但這些只能說明,伍爾芙代表的現代主義關注社會現實,同時,她的女性主義只是看到了女性崛起的現實,在作品中不斷的反映。對女性的純粹贊美使得這一態度與現實的聯系相對斷裂,只能反映現實而不能直接推動現實的發展。
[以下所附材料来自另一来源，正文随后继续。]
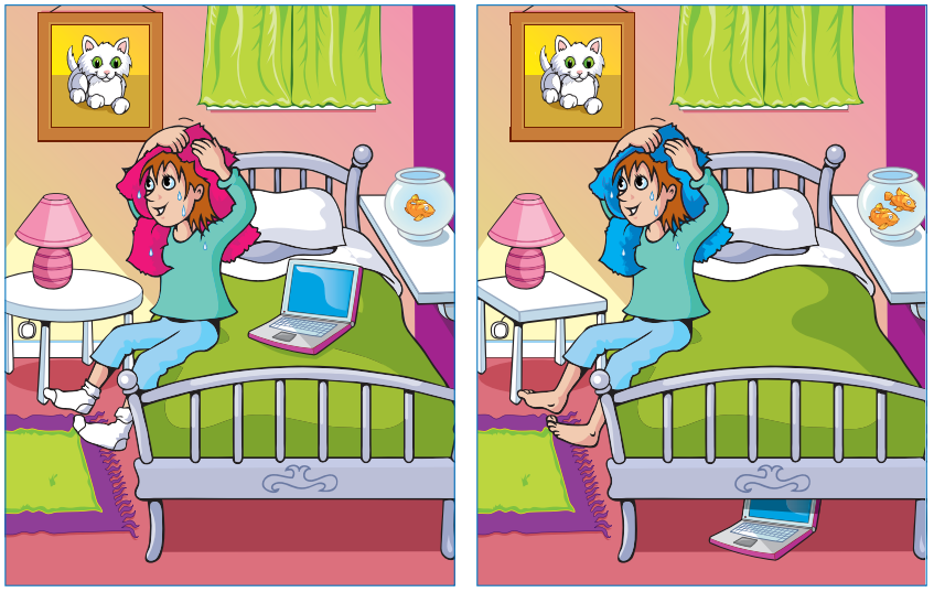 Look at these pictures. They look the same, but some things are different. Here there is one fish, but here there are two.

后來的女性主義作為后現代主義的代表流派,其政治性和社會性是不言而喻的。激進女性主義是早期主張泯滅男女差異的派別,其實其主要挑戰的,乃“性/性別”之系統,同樣反對以生理性別決定社會性別的內容。該派別向來最具爭議,不但主張“陰陽同體”,還主張以女性文化取代男性文化,且在性方面改以女性獨身或女同性愛取代男性中心式的異性戀霸權。 從這一主張可以看出,后現代的女性主義早已不是伍爾芙那種“反映”的態度了。她們更加關注女性地位的上升和內心與男性的平衡,在各種政治運動中擔當說客和直接推動者,在與當權派的拉力戰中尋求女性的立足地,使得流派本身反過來直接影響了社會的發展,影響了現實中女性地位和精神的變化,從而與社會產生了更加緊密的關系。這些從后現代女性主義對康德美學理論的批判中可以看得一清二楚:她們認為康德式美學產生了“理想觀察者”這項傳統概念,認為審美主題是高高在上的,自由自主的對一個被動的審美對象或客體進行審美活動,加以判斷,或以主觀的情感投射并客觀化為客體的性質。 可以看出,后現代語境中,女性主義者們批判的對象更加廣泛,而且上升到了理論的高度。筆者認為,這種更加激進的文學批評雖然有了與伍爾芙時期不同的視角,對女性在社會中所扮演的角色有著更廣闊更深入的思考,也因為更加偏激而引領了女性進步的思想的發展,但最后大多走向了以女性統治代替男性的牛角,在男性統治中爭奪話語權的同時自己也走向了尷尬,企圖用另一種不公平代替現在的不平等。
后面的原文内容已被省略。